In this age of electronic noise, political antagonism, and general discontent, where can one find guidance to coherent living that matters? Mel Keiser provides the reader with a menu of thinkers who provide such guidance from distinct but largely compatible perspectives. Michael Polanyi’s post-critical philosophy, with its emphasis on the tacit dimension, plays the leading role in Keiser’s constructive thought. But Keiser seasons his thought with such additional influences as Augustine’s reflections and confessions, Merleau-Ponty’s notion of figure and ground, H. Richard Niebuhr’s responsible self, Paul Tillich’s dimension of depth, the Quaker practice of silence, and Stanley Hopper’s substitution of imaginative theopoiesis for the overly rigid and objectivist categories of much theology. Paths to the Personal delivers to the spiritually hungry a delicious feast of peaceful promise.

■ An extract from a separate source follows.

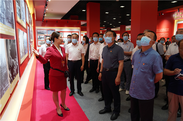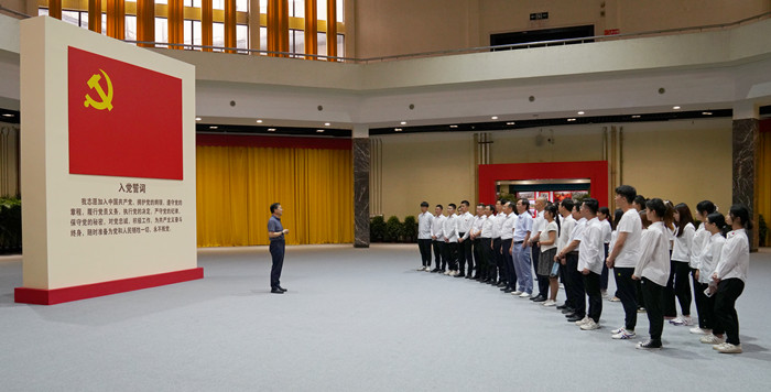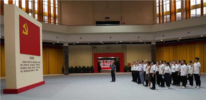 参观结束后,李晋平带领党员同志面向鲜红的党旗,举起右拳,重温入党誓词,庄严宣示牢记初心使命、持续接力奋斗。

– Walter B. Gulick, author of Recovering Truths: A Comprehensive Anthology of Michael Polanyi’s Writings
Aptly titled, Paths to the Personal presents Keiser’s quest to understand what “personal,” at its most profound, means. Writing in multiple genres, such as academic essays, meditations, and letters to a friend, he engages the thought of numerous thinkers across the ages including St. Augustine, Mircea Eliade, Paul Tillich, and Ludwig Wittgenstein, as well as his Quaker religious tradition. At center stage, however, are Michael Polanyi, H. Richard Niebuhr, Maurice Merleau-Ponty, Stanley Hopper, and William Poteat. Drawing creatively from these thinkers, Keiser develops compelling insights into phenomenology, psychology, theology, and religious experience that are deeply personal but far from private. They reflect his personal commitments rooted in the tacit that invite dialogue with others in the quest to integrate our embodied, passionate knowing, feeling, and doing.
– Paul Lewis, Professor of Religion and Director, Ethics, Leadership, and Service Minor, Columbus Roberts Department of Religion, Mercer University, Macon, Georgia
Between his post-critical theopoetics and his Quaker Silence, Mel Keiser unfolds a way at once imaginative in its honesty, rigorous in its contemplation, mysterious in its “leadings.”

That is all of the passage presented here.